Provided material:
########################################

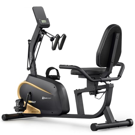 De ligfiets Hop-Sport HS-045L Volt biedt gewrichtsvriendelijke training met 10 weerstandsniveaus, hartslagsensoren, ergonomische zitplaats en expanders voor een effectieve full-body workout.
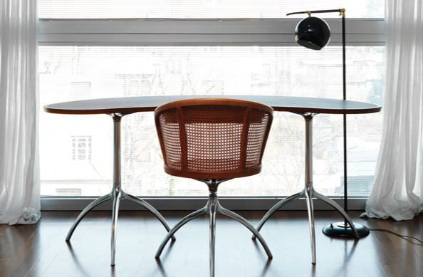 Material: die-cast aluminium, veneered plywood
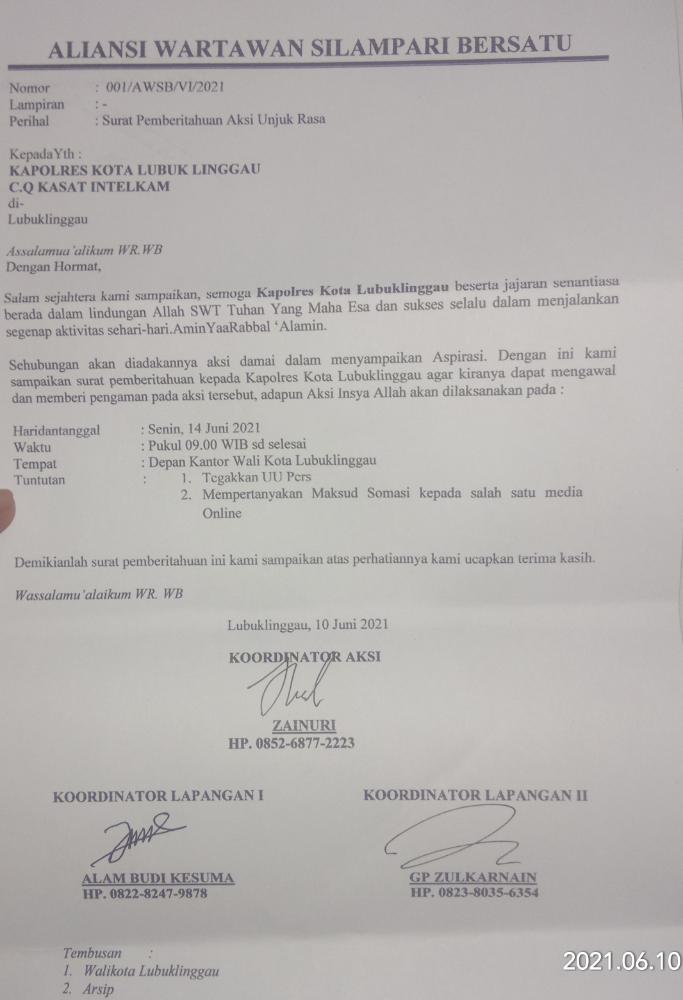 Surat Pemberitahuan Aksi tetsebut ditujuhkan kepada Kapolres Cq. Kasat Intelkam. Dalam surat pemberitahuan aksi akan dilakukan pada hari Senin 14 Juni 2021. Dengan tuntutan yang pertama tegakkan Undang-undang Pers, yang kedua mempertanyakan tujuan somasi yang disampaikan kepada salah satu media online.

########################################

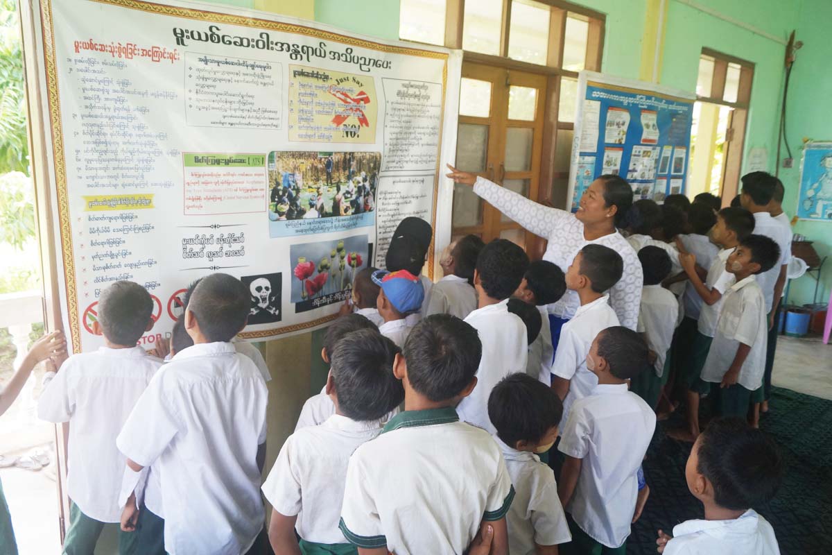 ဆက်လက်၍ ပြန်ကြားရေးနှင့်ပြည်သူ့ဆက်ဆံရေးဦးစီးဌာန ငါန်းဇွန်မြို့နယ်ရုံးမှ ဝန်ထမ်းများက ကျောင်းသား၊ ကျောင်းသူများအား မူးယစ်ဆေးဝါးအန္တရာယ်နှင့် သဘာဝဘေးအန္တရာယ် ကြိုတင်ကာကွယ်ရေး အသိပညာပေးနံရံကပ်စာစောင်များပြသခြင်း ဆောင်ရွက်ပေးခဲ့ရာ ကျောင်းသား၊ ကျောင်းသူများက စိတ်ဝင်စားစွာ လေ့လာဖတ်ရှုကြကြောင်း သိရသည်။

########################################

What to work on:
Among the entries above, take the lines from the one with "Material: die-cast aluminium, veneered" through the one with "Surat Pemberitahuan Aksi tetsebut" and retype them exactly, leaving out the pictures.

Answer to the problem:
 Material: die-cast aluminium, veneered plywood
 Surat Pemberitahuan Aksi tetsebut ditujuhkan kepada Kapolres Cq. Kasat Intelkam. Dalam surat pemberitahuan aksi akan dilakukan pada hari Senin 14 Juni 2021. Dengan tuntutan yang pertama tegakkan Undang-undang Pers, yang kedua mempertanyakan tujuan somasi yang disampaikan kepada salah satu media online.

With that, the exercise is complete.